In an interesting split decision, the majority of the Supreme Court of Canada agreed with the Alberta Human Rights Tribunal’s conclusion that this employee’s termination was acceptable under the policy. This was primarily based on the accepted fact that the employee’s addiction did not prevent him from being able to understand the terms of the policy or to disclose his addiction prior to an incident. The employee was found to have been able to make a conscious choice regarding whether he could/should disclose his drug use and, having chosen not to, was capable of suffering the consequences, notwithstanding any addiction. The Tribunal and Supreme Court agreed that the termination was not because of the employee’s addiction, but because of his failure to abide by the terms of the policy. The policy itself was a reasonable and important component of the company’s safety regime in a safety sensitive work environment, and preserving the policy as a deterrent also had merit.

Two judges disagreed with the majority, finding that addiction had been part of the reason for the employee’s termination. However, they would not have overturned the decision to terminate the employee on the basis that they found that the company had accommodated the employee to the point of undue hardship (having given him the ability under the policy to self-disclose, obtain treatment or in allowing him to re-apply to return to work after showing evidence that he had completed treatment).

One judge, however, found that it was unreasonable to conclude that an employee suffering from an addiction was capable of self-reporting to avoid application of the policy. Denying the addiction is often a key symptom of the addiction. This was an important distinction from the majority who agreed that the policy did not adversely impact this addicted employee because he “chose” not to stop using drugs or disclose his drug use to obtain help (i.e. accommodation). A legal debate over the extent an individual can “choose” matters relating to human rights is likely just beginning.

The decision underscores the need for employers to have a clear drug and alcohol use policy as part of their overall safety regime. This case will also clearly support enforceability of drug and alcohol policies that prohibit attending under the influence at work (under penalty of termination) in circumstances of casual or recreational drug or alcohol use. This is an important issue with legalized recreational marijuana on the horizon.

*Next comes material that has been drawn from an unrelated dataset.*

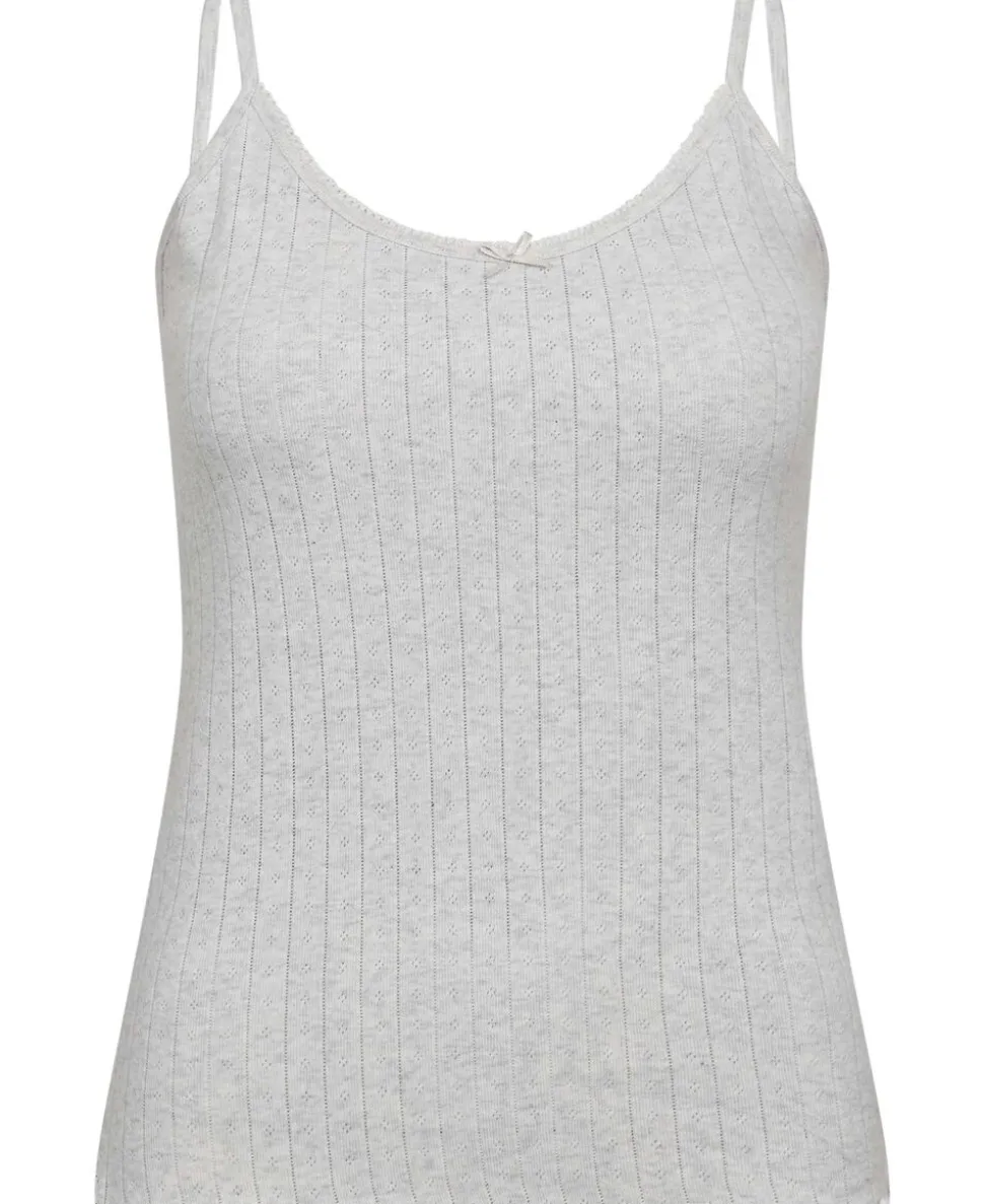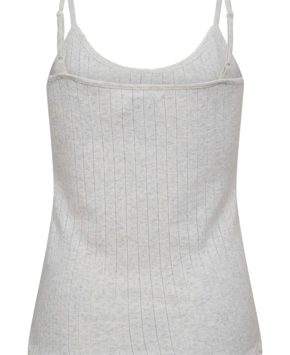 Top fra Magasin du Nord Collection i den blødeste kvalitet af 100% økologisk bomuld med GOTS-certificering. Toppen er enkel i modellen med et fint mønster, smalle skulderstropper, rib og blondekant i den runde halsudskæring samt elegante bølgekanter i bunden. En skøn top i den lækreste kvalitet.

The Supreme Court’s decision in Elk Valley has also likely expanded an employer’s ability (particularly in a safety-sensitive job or environment) to enforce a drug and alcohol use policy in circumstances where the employee may in fact have an addiction, but is still mentally capable, at times, to understand the nature of the policy and his/her obligations to abide by the policy (i.e. to understand that he/she should not take drugs or drink alcohol at or prior to attending at work or, at a minimum, to disclose such use) before an incident occurs.

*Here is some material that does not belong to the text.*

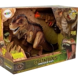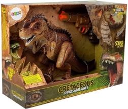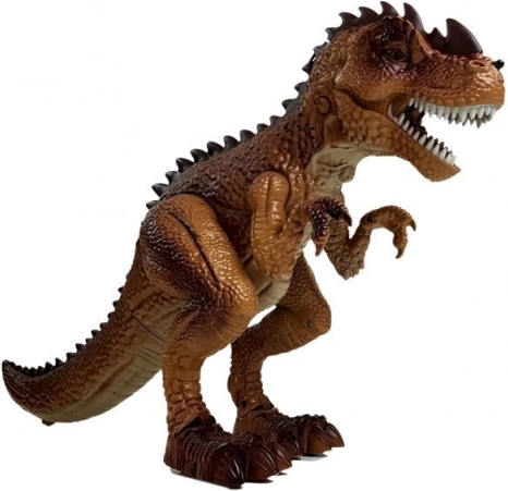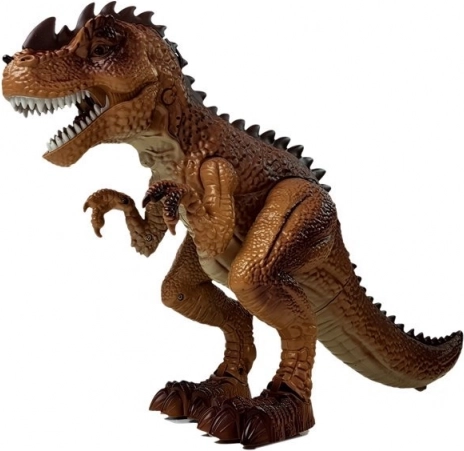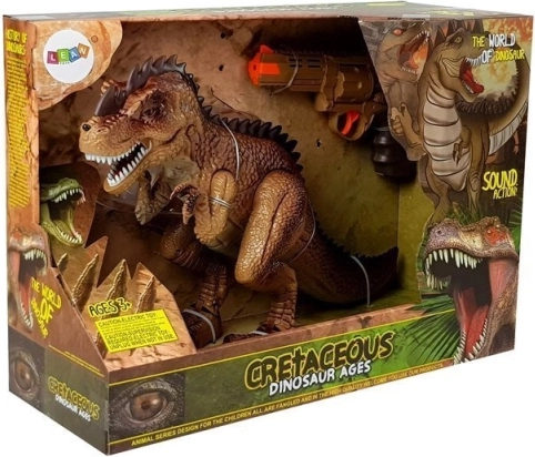 Interaktivní dinosaurus potěší všechny fanoušky pravěku i akčních příběhů. Po zapnutí se sám pohybuje vpřed, zní kroky a děsivý řev a oči se rozsvítí červeně. Stisknutím spouště na pistolí odstartujete souboj – každý zásah spustí světelné a zvukové efekty; při devátém trefení se T‑rex porazí a vydá efekt prohry.

While there will still be circumstances where an employee’s addiction diminishes his/her ability to comply with the terms of such a policy, such that an immediate termination of employment would likely constitute impermissible discrimination on the basis of a disability, some onus has clearly shifted to the employee. Even in these cases, the employer may still be able to terminate the relationship on the basis of undue hardship.

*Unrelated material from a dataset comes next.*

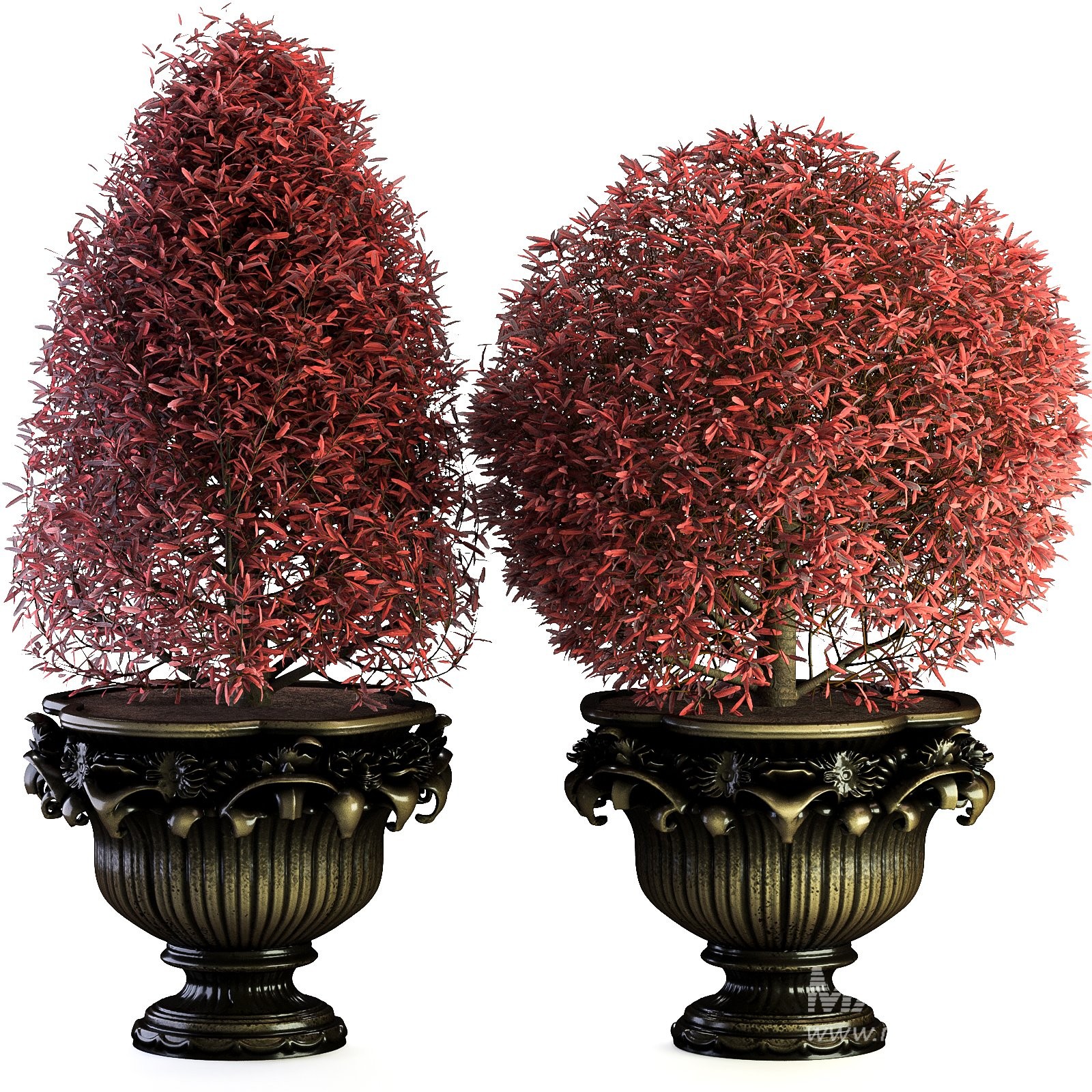 Outdoor Plant 02 is a premium-quality 3D asset designed specifically for luxury exterior and classic interior visualizations. This model includes two elegant ornamental topiary shapes with rich red foliage, placed inside a highly detailed antique-style metal urn planter. The sculpted floral motifs and ribbed body of the urn give the model a strong classical and artistic character, making it ideal for historical architecture, hotel entrances, upscale gardens, palaces, courtyards, and stylish terraces.

Employers, particularly those whose workplaces involve safety sensitive operations (or jobs), should review their drug and alcohol use policies as maintaining their enforceability will be a key tool of their overall safety protocol. The policies should:

  • Include a clear and express statement that the policy promotes safety and deters unsafe behaviour;
  • Encourage employees to disclose substance abuse issues, without fear of reprisal or discipline, including in situations where employees may be using illicit drugs, but may not consider themselves to be addicted;
  • Provide for a process for employees to ask and obtain treatment; and
  • Provide for a procedure for appropriate accommodation, follow-up and return to work.

All employees should be regularly trained on the policy and all employees should be made to acknowledge receipt of the policy and training.